Methylobacterium mesophilicum

Scientific classification
- Domain: Bacteria
- Kingdom: Pseudomonadati
- Phylum: Pseudomonadota
- Class: Alphaproteobacteria
- Order: Hyphomicrobiales
- Family: Methylobacteriaceae
- Genus: Methylobacterium
- Species: M. mesophilicum
- Binomial name: Methylobacterium mesophilicum (Austin and Goodfellow 1979) Green and Bousfield 1983
- Type strain: A47; ATCC 29983; CCUG 16482; CIP 101129; DSM 1708; ICPB 4095; IFO 15688; JCM 2829; LMG 5275; NBRC 15688; NCIB 11561; NCIMB 11561; NRRL B-14246
- Synonyms: Pseudomonas mesophilica Austin and Goodfellow 1979;

= Methylobacterium mesophilicum =

- Authority: (Austin and Goodfellow 1979) , Green and Bousfield 1983
- Synonyms: Pseudomonas mesophilica Austin and Goodfellow 1979

Species of bacterium

Methylobacterium mesophilicum is a Gram-negative, soil-dwelling bacterium, reported to be an opportunistic pathogen in immunocomprimised patients.

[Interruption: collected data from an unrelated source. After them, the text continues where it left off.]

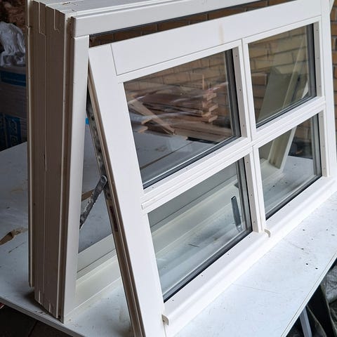 Vinduer med sprosser i hvid ramme. Klassiske vinduesrammer med glasfelter opdelt af sprosser. Egnede til montering i bolig, udhus eller lignende, hvor der ønskes vinduer med traditionelt udtryk. Flere rammer ses på billederne; mål og antal kan angives af sælger efter behov.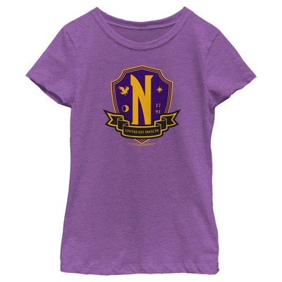 Join Wednesday Addams, the death-obsessed daughter from the iconic Addams Family franchise as she attends Nevermore Academy, hones her psychic abilities, and solves age-old mysteries in the new upcoming series Wednesday from Netflix! This officially licensed Wednesday Nevermore Academy Men's Graphic T-Shirt features the text "Nevermore Academy" alongside Wednesday in her school uniform, with the Nevermore Academy stretching out behind her in purple print. Get some new Wednesday designs and embrace the darkness!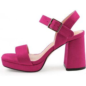 Women's Pink Chunky Platform High Heels Ankle Strap Block Heel Sandal

Methylobacteria are typically slow-growing and produce pink-pigmented colonies. Pink pigmentation is the primary diagnostic characteristic used in the initial isolation of Methylobacteria. With extended incubation, pink colonies often take on a coral hue. M. mesophilicum and M. zatmanii are the two most commonly reported species isolated in clinical samples.

Methylobacteria have been reported to exhibit resistance to chlorination and have been isolated from tap water in various clinical settings including: an investigation of a pseudo-outbreak, water from dental units, and blood purification units. Tap water is a suspected mode of transmission. The presence of these organisms in tap water prompted suggestions that it may be helpful to monitor these organisms in water distribution systems in hospital units for immunocompromised patients.